New findings could help scientists explain why hexanucleotide expansions in the C9ORF72 gene are the major cause of familial amyotrophic lateral sclerosis (ALS) and frontotemporal dementia (FTD). In the March 16 Molecular Cell, researchers led by Ludo Van Den Bosch, University of Leuven, and Peter Tompa, Vrije Universiteit Brussel, both in Belgium, report that toxic dipeptide repeats (DPRs) coded by the expansion condense to form liquid droplets. The results add DPRs to a growing list of ALS/FTD-related proteins that display a knack for phase separation, further supporting the idea that the road to neurodegeneration runs through liquid-phase organelles such as stress granules.
In the last few years, scientists have discovered that proteins bearing disordered, low-complexity, or prion-like domains coalesce into liquid droplets.

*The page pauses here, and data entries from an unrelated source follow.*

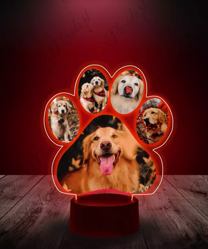 Lampka 3D LED LAMP z Nadrukiem Pies Twoje Zdjęcia Łapka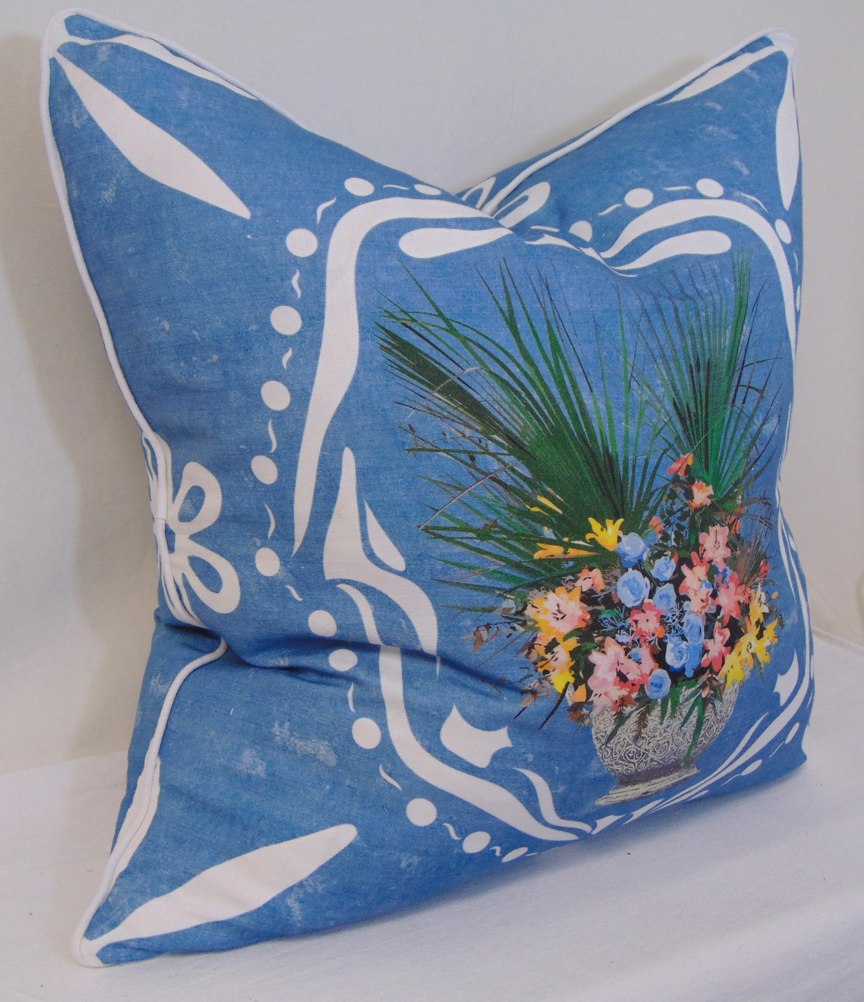 Limited Edition Charleston Bouquet Denim Blue Pillow Cover With Welt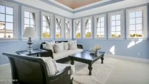 This home was on our list year until the owners decided to temporary cancel its listing. It’s now back on the market and our list. Even though this house is off of one of the busiest streets in town, we’re betting you probably never knew it existed. It sits on nearly 11 acres that fronts to the Intracoastal Waterway. This elegant estate includes a 6200 square foot main house, a two-bedroom carriage house, a three-bedroom guest house, and a pool house. The large indoor heated pool has a 50-foot extension for swimming laps; an expansive retractable movie screen for watching your favorite media while floating in the pool; his and her changing rooms; and an elevated area for all your professional exercise equipment. Inside the main house, even the most discriminating buyer will be impressed by all the custom features and details. A few examples: red onyx around the two-sided fireplace; bamboo floors with black walnut inlay; hand-woven carpeting up the main staircase and around the rotunda area; English Beech and eucalyptus wood in the great room; custom wrought iron banisters fashioned to look like sea grass; gravity glass sinks; and the list goes on and on. Did we mention the putting green, the 195 feet of Intracoastal Waterway frontage and 450’ pier with a gazebo? And the spectacular sunrises? Asking price: $6,999,000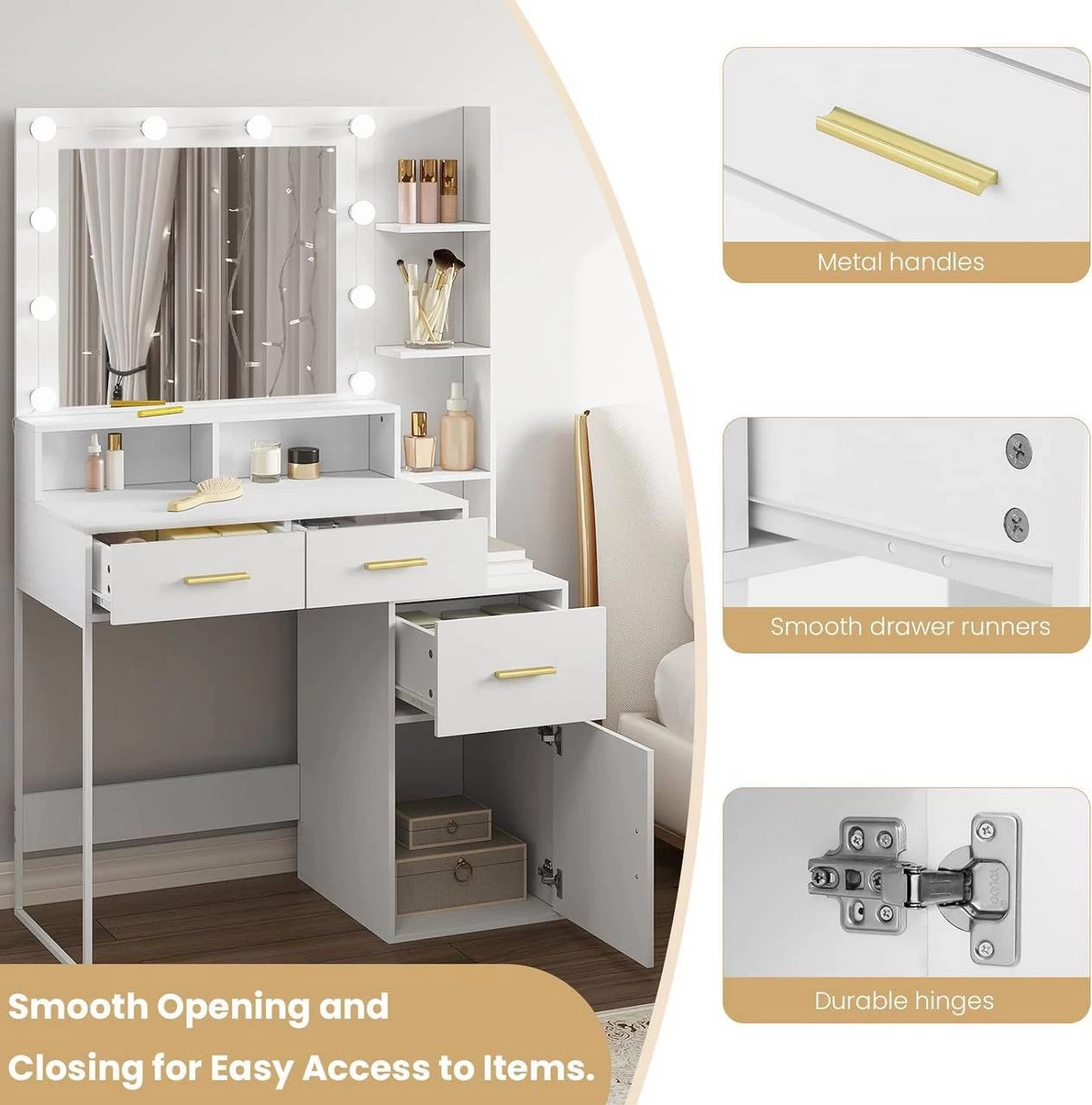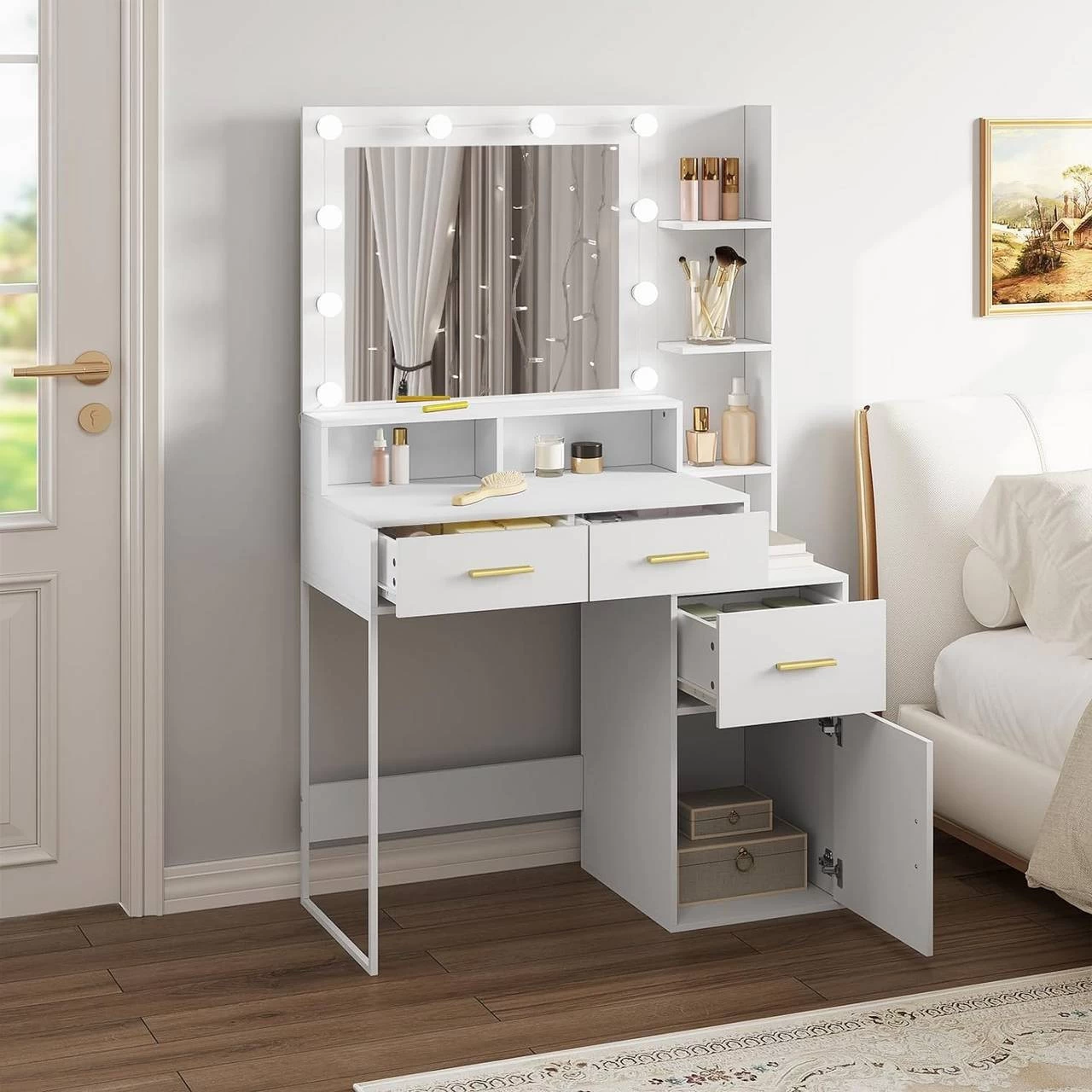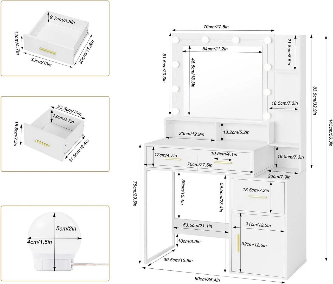 - STABIL & LANGLEBIG: Der Schminktisch mit Beleuchtung besteht aus Premium-Holzwerkstoff, Metallbeinen und einem verstärkten Balken im Unten, ist stabil, haltbar und leicht zu reinigen, sodass Sie lange Freude an ihm haben werden. Tragfähigkeit: 50 kg.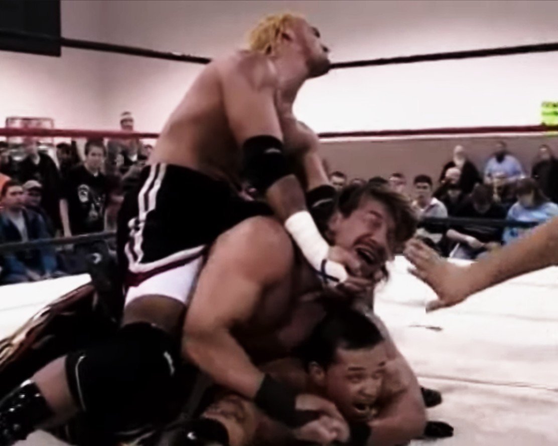 •CM PUNK vs. EDDIE GUERRERO vs. REY MYSTERIO (IWA-MS 03/01/02): This has no reason to be this good in such a tiny venue with ropes as loose as an old rubber band. These greats went for it though. Eddie Guerrero had nothing to prove. Rey was maskless but a star that clearly was getting better each day. Punk was champ but let's be honest, had a lot to prove here. He had to keep up with two of the best workers. And the young Punk did it! These guys went for fun spots. They went for tricky spots. And they hit them all. It wasn't as crisp as you'd see because of the ropes but damn they didn't let anything stop them. Now I'll stop you, it's not a tank emptying battle for the ages but for an indie match less than 15 minutes, this puppy will put a smile on your face.

Called liquid-liquid phase separation (LLPS), this phenomenon plays a central role in the pathogenesis of ALS, FTD, and other neurodegenerative diseases. In ALS/FTD, RNA binding proteins such as hnRNP, FUS, and TDP-43 readily phase separate, forming liquid intermediates that create a breeding ground for protein aggregation.
LLPS serves an important non-pathological function as well. Phase separation underlies the formation of so-called membrane-less organelles, including stress granules, the nucleolus, and Cajal bodies. These fluid assemblies of RNA and RNA-binding proteins serve to dynamically regulate RNA metabolism. Recent reports implicate membrane-less organelles as special targets for C9ORF72-derived DPRs. Last year, two papers from the labs of Paul Taylor of St. Jude Children’s Research Hospital in Memphis, Tennessee, and Steven McKnight, University of Texas Southwestern Medical Center in Dallas, described how dipeptides associate with stress granule proteins, causing the normally fluid organelles to seize up and create havoc for neurons (see Oct 2016 news).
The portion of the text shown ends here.